►

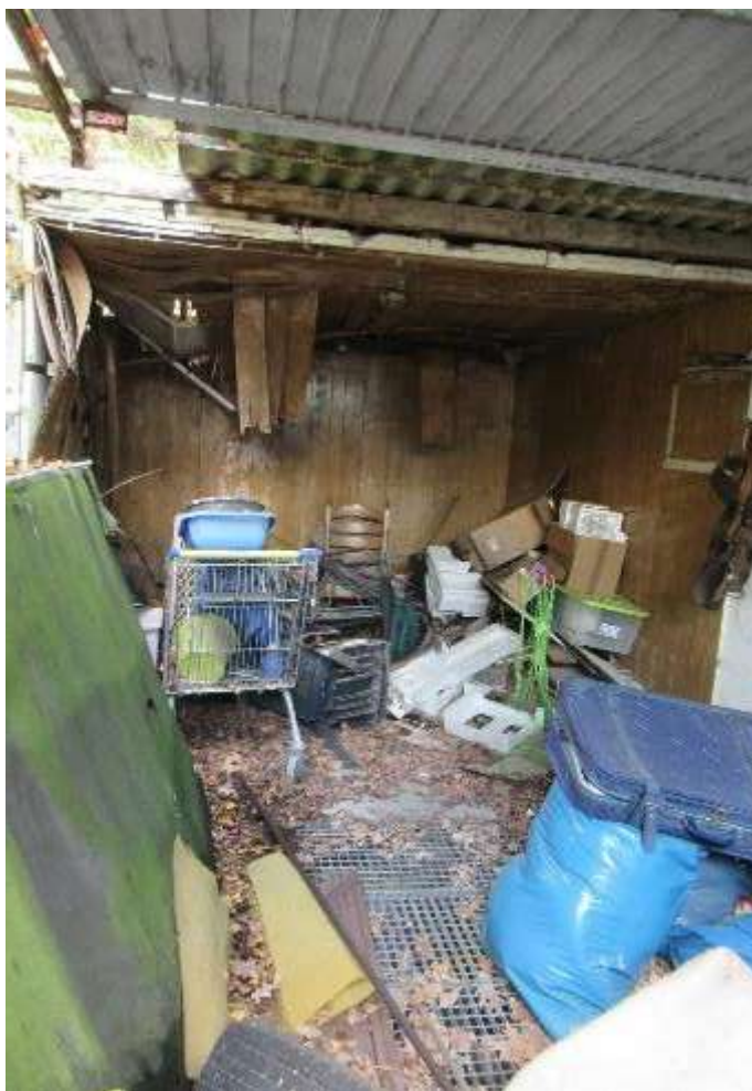
Einblick in die Garage
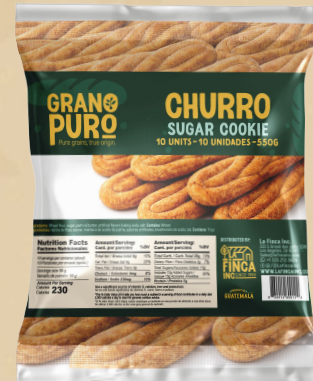
Churro Sugar Cookie 24 Uni/Case
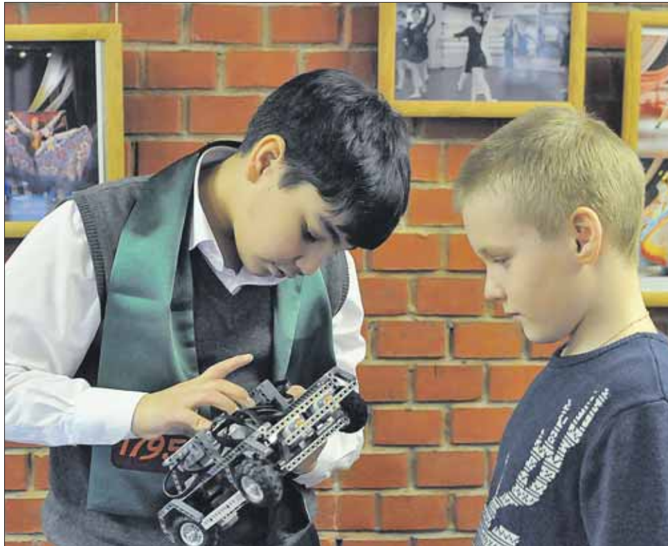
На фестивале работали десятки мастер-классов

— Робот находится в разработке. Его использование
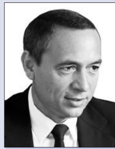
Микола МАРТИНЕНКО, народний депутат України, голова Ради Центру Разумкова

Тема нашої дискусії – надзвичайно актуальна для нинішньої ситуації в Україні. Реформа вітчизняної правоохоронної системи є одним з найбільш важливих і пріоритетних напрямів загальнонаціональних реформ. Її необхідність визнається всіма зацікавленими сторонами – громадянами, політиками, самими правоохоронцями.
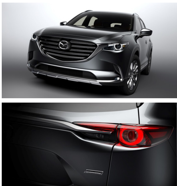
Fig. 5 Brand Face & Rear Combination Lamp
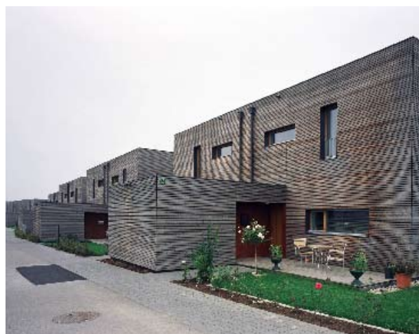
Abb. 12 (ganz links): S I P – Siedlungsmodelle, Prototyp am Hauptplatz von Grieskirchen. Abb. 13 (links): S I P – Siedlungsmodelle in Passivhausqualität. Eingangsseite Reihenhaussiedlung Winklarn von Poppe*Prehal Architekten.
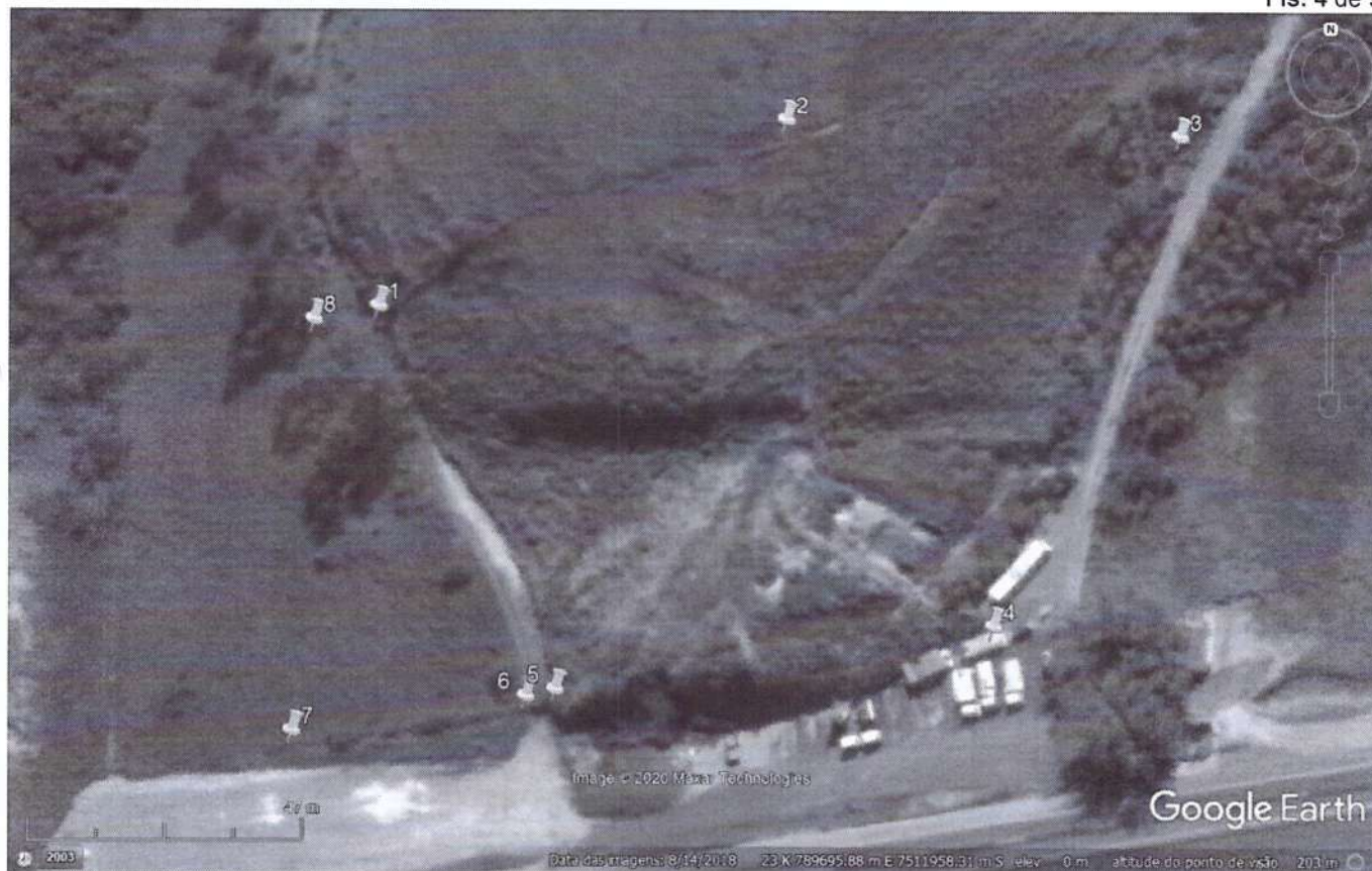
FIGURA 2: Delimitação da área de desmorte (1 a 5) e área de aterro.
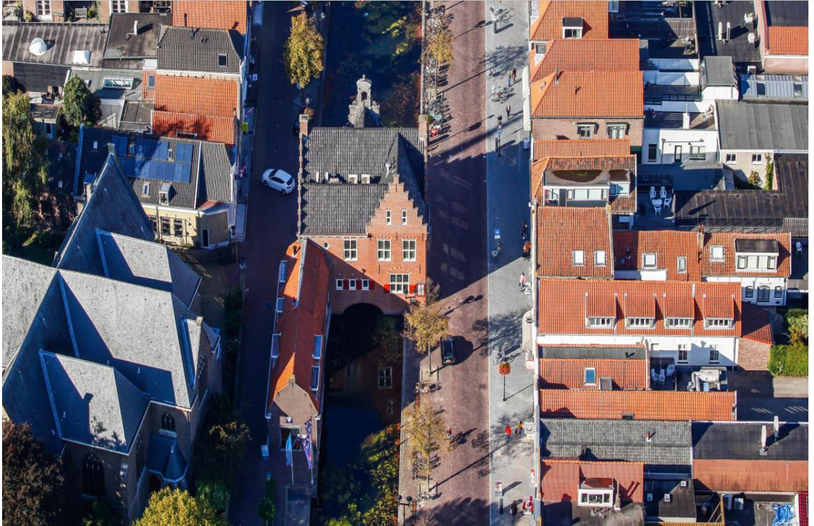
Raadhuis Oud-Beijerland, gebouwd in 1622 op een brug over het water van de Voorstraat (Rijksmonument)
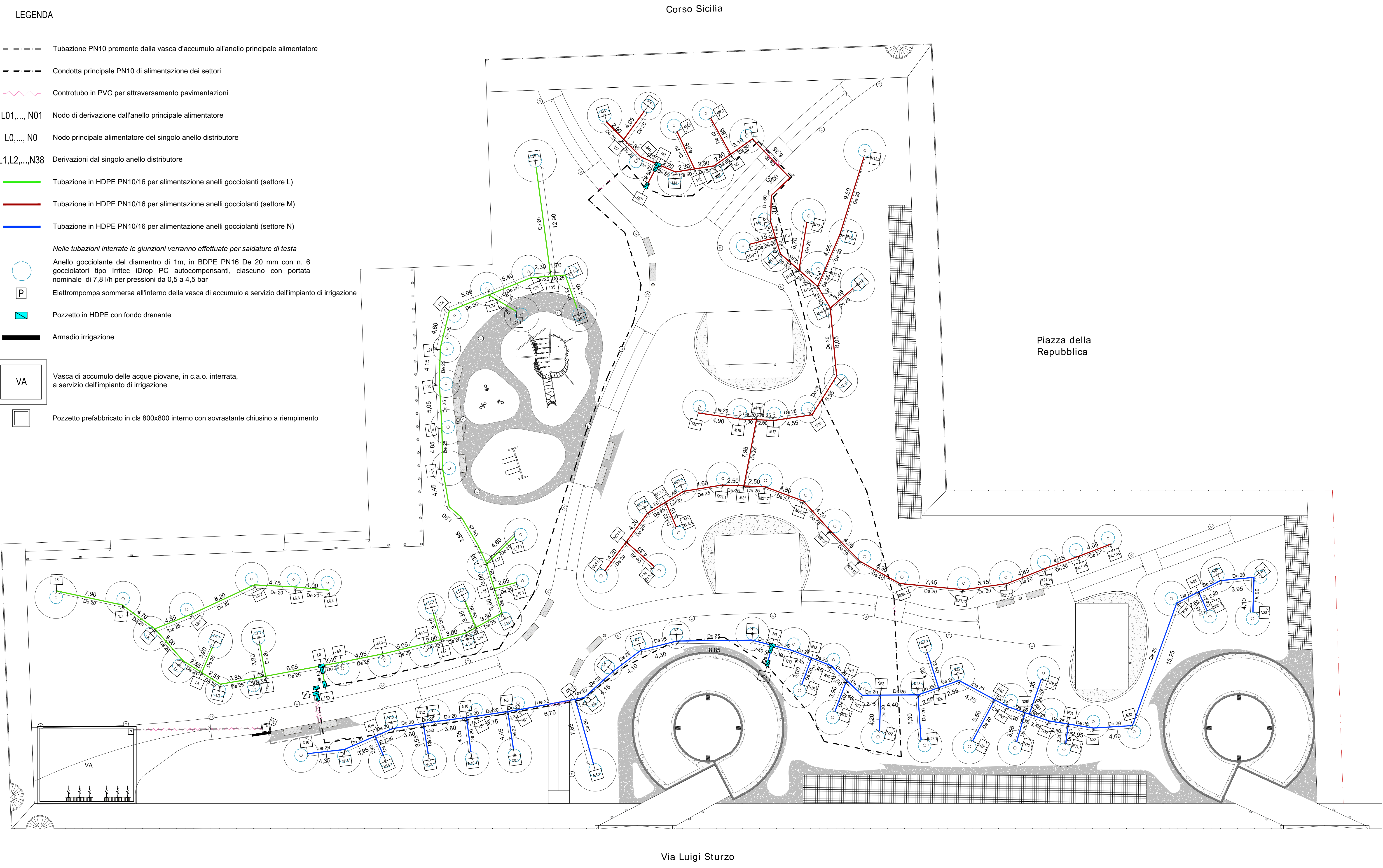
PLANIMETRIA scala 1:200
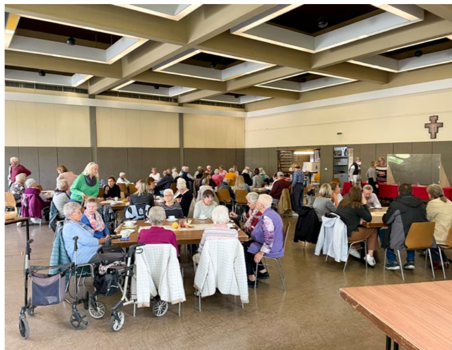
Ausklang am Kerwemontag im Kerwecafe
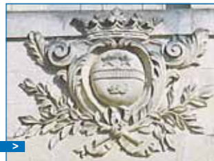
Armoiries des Goddes de Varennes

Certains éléments du système de défense sont encore visibles, notamment une canonnière à rotule. Ce dispositif, équipé d'un obturateur sphérique, sorte de boule mobile percée d'un trou, permettait de tirer de l'intérieur dans de multiples directions et, en cas de danger, d'obturer l'orifice. Sur des façades apparaissent des moellons de tuffeau percés permettant, depuis l'intérieur, de surveiller les entrées du château.
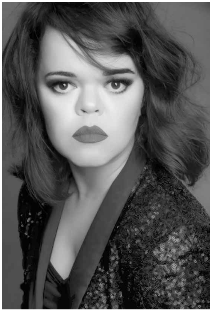
Atriz interpreta a Estela, de ‘O outro Lado do Paraíso’
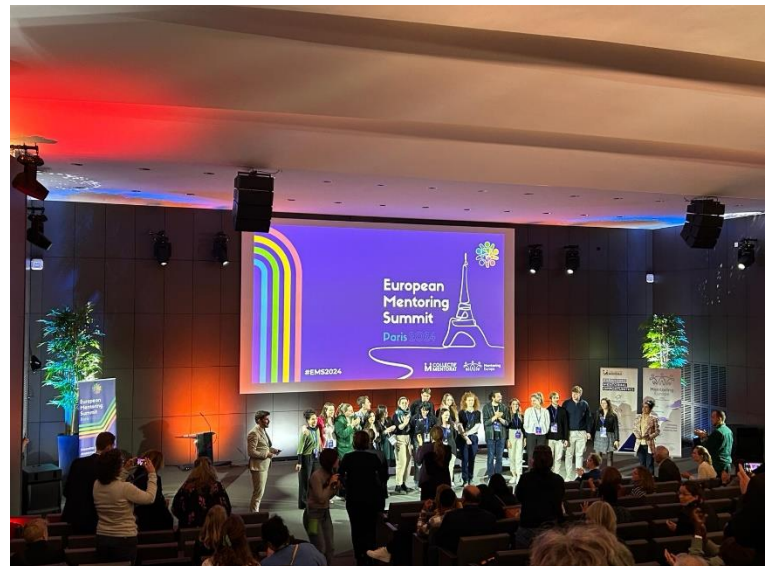
Cérémonie de clôture du Sommet
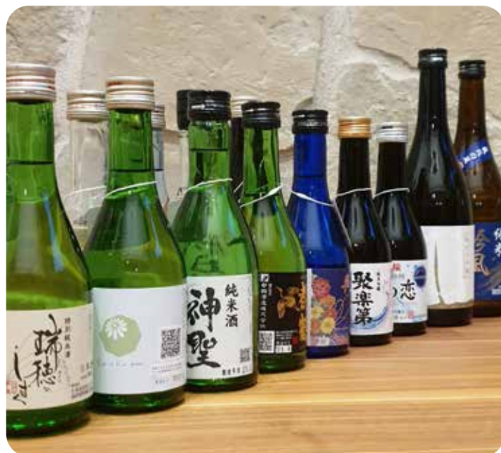
Atelier dégustations à l'aveugle

24 sakés sont dégustés au cours de ces ateliers pratiques.
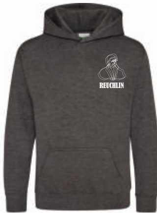
Design B 41,00 €
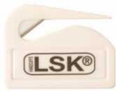
Coupe menottes : 5,00 € TTC
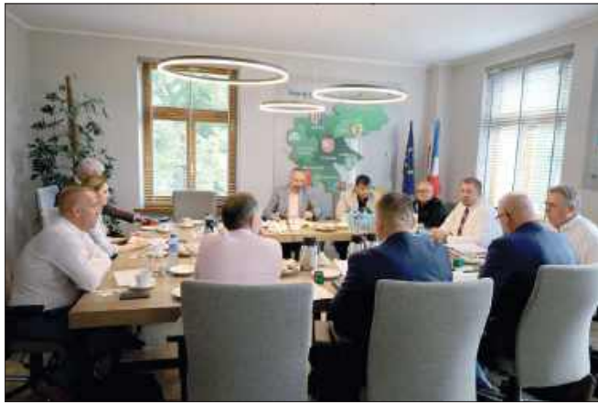
■ Konwent samorządowy to okazja do dyskusji nad tematami dotyczącymi całego regionu. Ostatni odbył się w starostwie, w sali posiedzeń zarządu

◄

§ **Exercise requirements**
Taking the entries above, extract every line from the one bearing "Certains éléments du" through the one bearing "Coupe menottes : 5,00 € TTC", exactly, with no pictures.

§ **Written solution**
Certains éléments du système de défense sont encore visibles, notamment une canonnière à rotule. Ce dispositif, équipé d'un obturateur sphérique, sorte de boule mobile percée d'un trou, permettait de tirer de l'intérieur dans de multiples directions et, en cas de danger, d'obturer l'orifice. Sur des façades apparaissent des moellons de tuffeau percés permettant, depuis l'intérieur, de surveiller les entrées du château.
Atriz interpreta a Estela, de ‘O outro Lado do Paraíso’
Cérémonie de clôture du Sommet
Atelier dégustations à l'aveugle

24 sakés sont dégustés au cours de ces ateliers pratiques.
Design B 41,00 €
Coupe menottes : 5,00 € TTC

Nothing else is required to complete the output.